How to complete this task:
I'd like every entry transcribed word for word, with no pictures.

++++ Available records

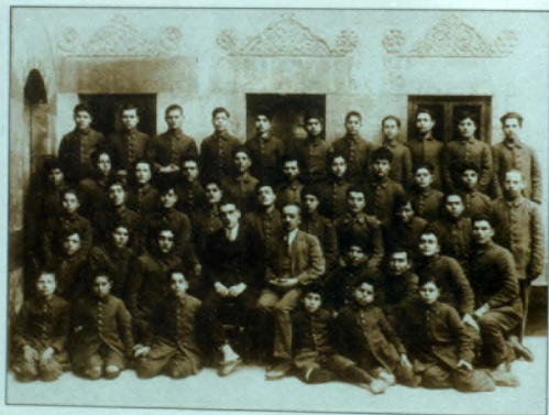
Ազատագրված որբերը Հալեպի Աշխատավոր սաների կայանում, 1920-ական թթ.
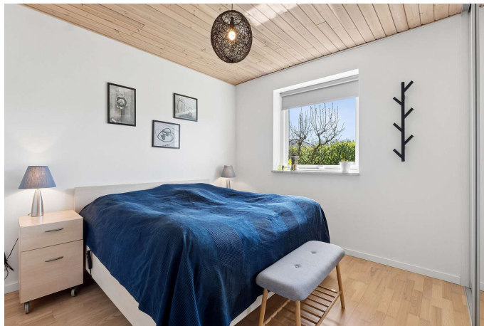
I alt 4 gode værelser.
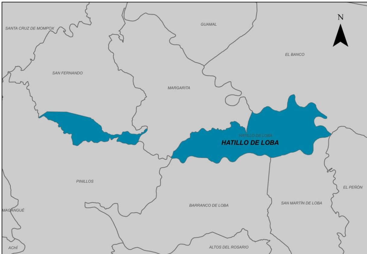
Ilustración 2. Municipio de Hatillo De Loba
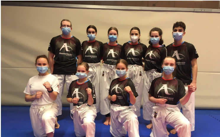
neue Arawaza T-Shirts für die Kata-Athleten
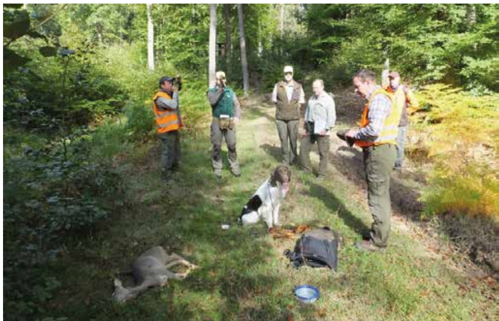
Erfolgreich am Stück angekommen
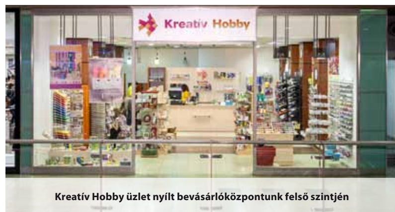
Kreatív Hobby üzlet nyílt bevásárlóközpontunk felső szintjén

++++++++

Worked solution:
Ազատագրված որբերը Հալեպի Աշխատավոր սաների կայանում, 1920-ական թթ.
I alt 4 gode værelser.
Ilustración 2. Municipio de Hatillo De Loba
neue Arawaza T-Shirts für die Kata-Athleten
Erfolgreich am Stück angekommen
Kreatív Hobby üzlet nyílt bevásárlóközpontunk felső szintjén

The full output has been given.